Take from the entries below the stretch from the line with "Resident Carolyn Brink" through the line with "随后由陆军工程大学郭道省教授", and return it exactly, leaving the pictures out.

* RECORDS SUPPLIED *
>>

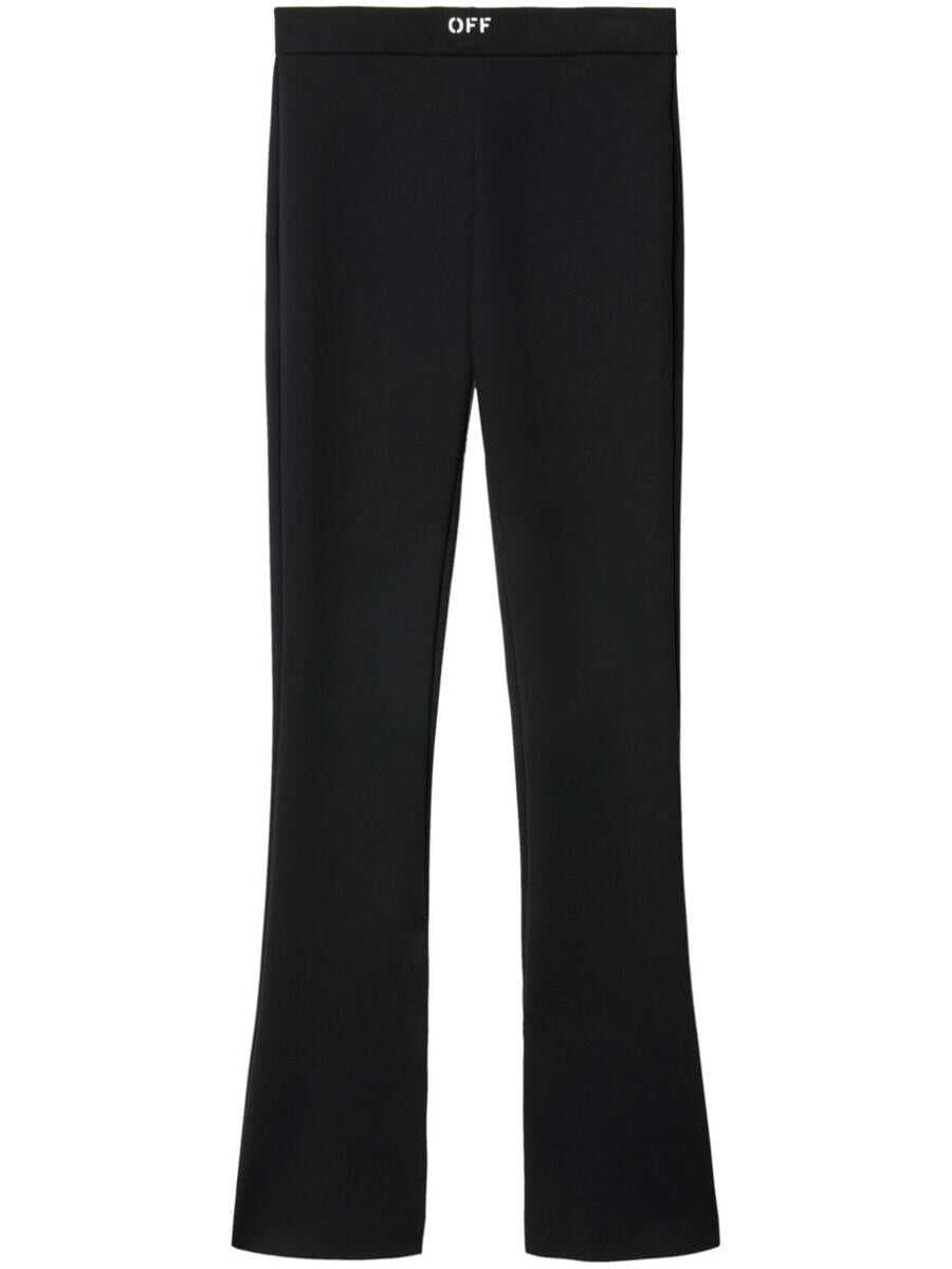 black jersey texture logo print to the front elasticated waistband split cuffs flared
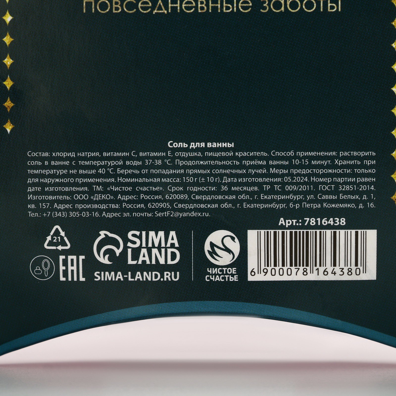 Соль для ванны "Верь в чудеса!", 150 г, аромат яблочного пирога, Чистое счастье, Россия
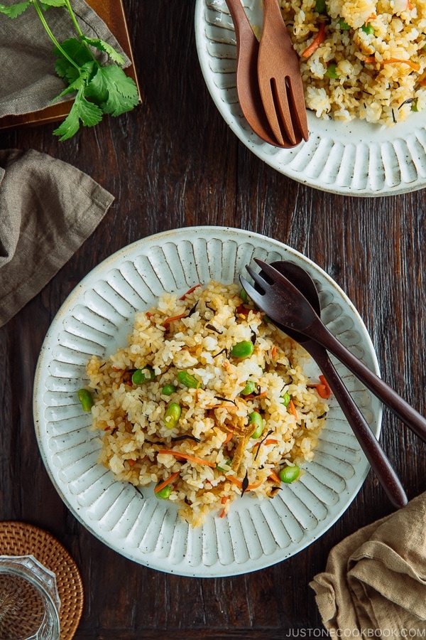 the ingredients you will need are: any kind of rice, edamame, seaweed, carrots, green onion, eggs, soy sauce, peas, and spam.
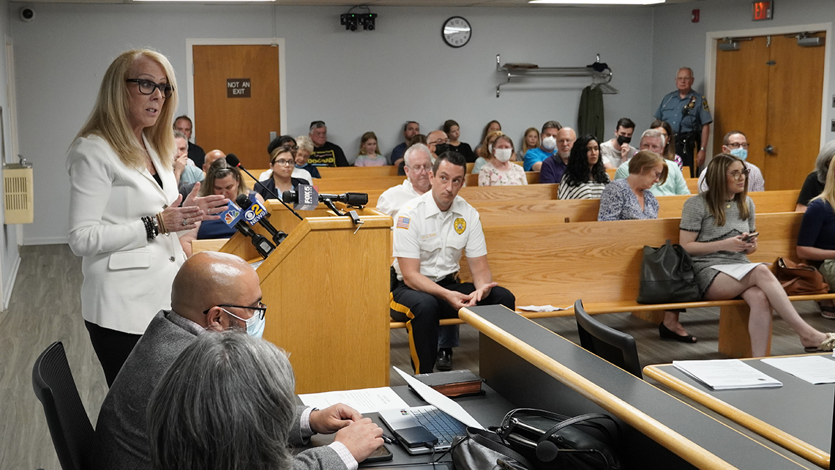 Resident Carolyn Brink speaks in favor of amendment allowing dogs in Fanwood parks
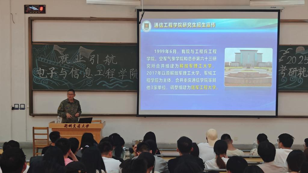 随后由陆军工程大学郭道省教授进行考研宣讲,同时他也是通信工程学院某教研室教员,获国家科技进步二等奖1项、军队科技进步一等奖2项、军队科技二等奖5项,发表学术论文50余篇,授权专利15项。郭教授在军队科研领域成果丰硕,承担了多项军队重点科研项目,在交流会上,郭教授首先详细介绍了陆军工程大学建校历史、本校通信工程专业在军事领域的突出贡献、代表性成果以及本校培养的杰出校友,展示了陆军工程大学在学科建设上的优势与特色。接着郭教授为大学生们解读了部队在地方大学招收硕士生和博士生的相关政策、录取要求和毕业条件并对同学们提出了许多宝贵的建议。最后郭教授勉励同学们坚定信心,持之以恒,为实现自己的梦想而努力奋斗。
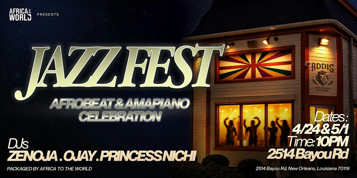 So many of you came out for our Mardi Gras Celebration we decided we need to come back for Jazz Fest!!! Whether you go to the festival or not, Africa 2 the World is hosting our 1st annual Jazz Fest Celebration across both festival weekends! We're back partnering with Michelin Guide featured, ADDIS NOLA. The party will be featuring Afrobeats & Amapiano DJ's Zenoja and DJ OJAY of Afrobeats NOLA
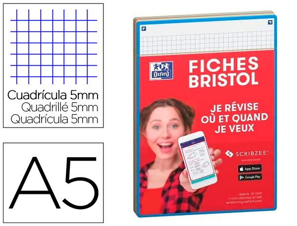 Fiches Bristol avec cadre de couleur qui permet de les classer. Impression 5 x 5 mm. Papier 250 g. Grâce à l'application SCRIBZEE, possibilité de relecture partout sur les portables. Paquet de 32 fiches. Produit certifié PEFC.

<<
>>

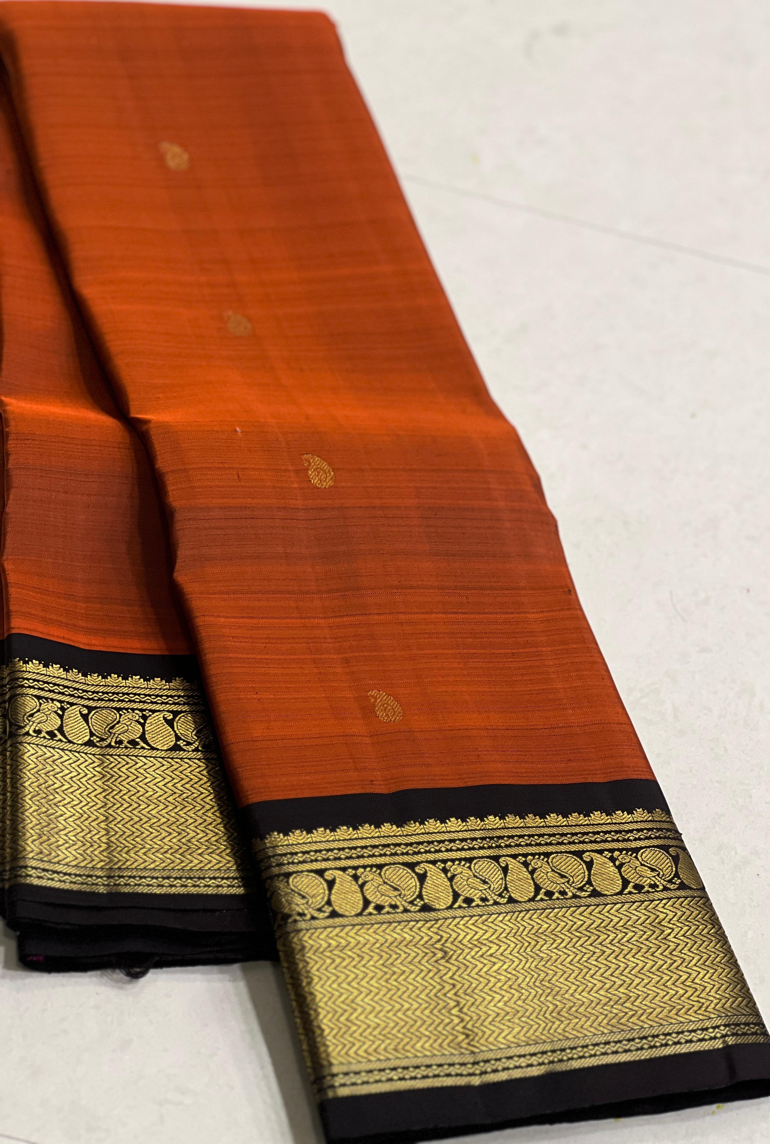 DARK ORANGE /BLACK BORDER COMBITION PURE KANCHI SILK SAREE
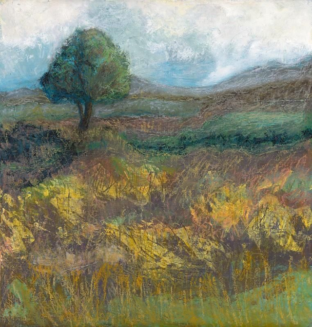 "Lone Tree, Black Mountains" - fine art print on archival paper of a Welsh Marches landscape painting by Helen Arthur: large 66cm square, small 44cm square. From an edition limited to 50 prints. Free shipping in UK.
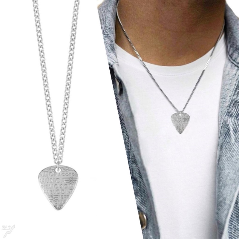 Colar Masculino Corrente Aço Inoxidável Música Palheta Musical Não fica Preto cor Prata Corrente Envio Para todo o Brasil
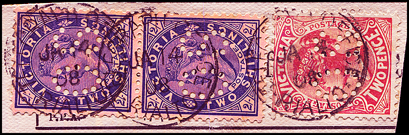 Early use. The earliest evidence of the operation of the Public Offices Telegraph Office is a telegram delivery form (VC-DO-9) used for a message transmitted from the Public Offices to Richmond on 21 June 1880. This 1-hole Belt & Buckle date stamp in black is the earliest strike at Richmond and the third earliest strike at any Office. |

<<
>>

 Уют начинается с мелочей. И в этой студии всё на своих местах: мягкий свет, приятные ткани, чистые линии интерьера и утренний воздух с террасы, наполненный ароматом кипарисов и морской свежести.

<<

* EXERCISE RESPONSE *
 Resident Carolyn Brink speaks in favor of amendment allowing dogs in Fanwood parks
 随后由陆军工程大学郭道省教授进行考研宣讲,同时他也是通信工程学院某教研室教员,获国家科技进步二等奖1项、军队科技进步一等奖2项、军队科技二等奖5项,发表学术论文50余篇,授权专利15项。郭教授在军队科研领域成果丰硕,承担了多项军队重点科研项目,在交流会上,郭教授首先详细介绍了陆军工程大学建校历史、本校通信工程专业在军事领域的突出贡献、代表性成果以及本校培养的杰出校友,展示了陆军工程大学在学科建设上的优势与特色。接着郭教授为大学生们解读了部队在地方大学招收硕士生和博士生的相关政策、录取要求和毕业条件并对同学们提出了许多宝贵的建议。最后郭教授勉励同学们坚定信心,持之以恒,为实现自己的梦想而努力奋斗。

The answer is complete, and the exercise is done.